The agreement represents a significant development in corporate governance practices within the real estate investment sector. Richard Smith will be the sole nominee standing for election at the 2025 annual shareholders meeting as part of the board reduction. Star Equity has also agreed to certain customary standstill provisions, which typically restrict activist investors from pursuing additional proxy contests or other shareholder actions for a specified period. The full agreement will be filed in a Current Report on Form 8-K with the Securities and Exchange Commission, providing transparency to all shareholders.
This settlement reflects Gyrodyne's ongoing commitment to constructive engagement with shareholders as part of its efforts to strengthen governance, enhance transparency and drive long-term value creation. The company's approach demonstrates how real estate investment firms can work collaboratively with activist shareholders to address governance concerns while maintaining focus on strategic objectives. Gary Fitlin, Gyrodyne's President and Chief Executive Officer, stated that the company appreciates the thoughtful input from Star Equity and the broader shareholder base, noting that their perspectives have strengthened efforts to complete property sales and deliver maximum value to shareholders.
Jeff Eberwein, manager of Star Equity Fund, expressed satisfaction with the collaborative approach, stating that following constructive discussions with the company, they are pleased to have worked with the Board to enhance governance and further align with shareholders' interests. The agreement comes as Gyrodyne continues to execute its strategy of seeking value-enhancing entitlements for its properties, including a 63-acre site on Long Island and a medical office park in Cortlandt Manor, New York. Additional information about the Company may be found on its web site at https://www.gyrodyne.com.

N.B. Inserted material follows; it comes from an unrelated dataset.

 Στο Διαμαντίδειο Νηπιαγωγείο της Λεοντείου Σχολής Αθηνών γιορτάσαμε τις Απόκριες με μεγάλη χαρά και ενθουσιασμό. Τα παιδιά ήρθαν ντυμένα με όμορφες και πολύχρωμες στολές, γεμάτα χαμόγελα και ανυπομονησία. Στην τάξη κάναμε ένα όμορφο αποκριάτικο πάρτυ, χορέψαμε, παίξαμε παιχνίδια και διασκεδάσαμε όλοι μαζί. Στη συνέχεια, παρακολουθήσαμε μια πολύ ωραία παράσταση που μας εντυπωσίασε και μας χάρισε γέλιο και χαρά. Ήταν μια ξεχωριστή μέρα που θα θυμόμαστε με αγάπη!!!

The governance changes also mark a transition in board leadership, with Nader Salour, Chairman of Gyrodyne's Nominating Committee, expressing gratitude to Paul Lamb for his extraordinary 28 years of service to the company. Salour noted that Lamb's steady leadership and strategic vision were instrumental in guiding the company through periods of challenge and transformation, leaving behind a legacy of integrity and commitment to stakeholders. While Lamb will not stand for re-election, he will continue as a significant shareholder and valued supporter of the company's long-term success.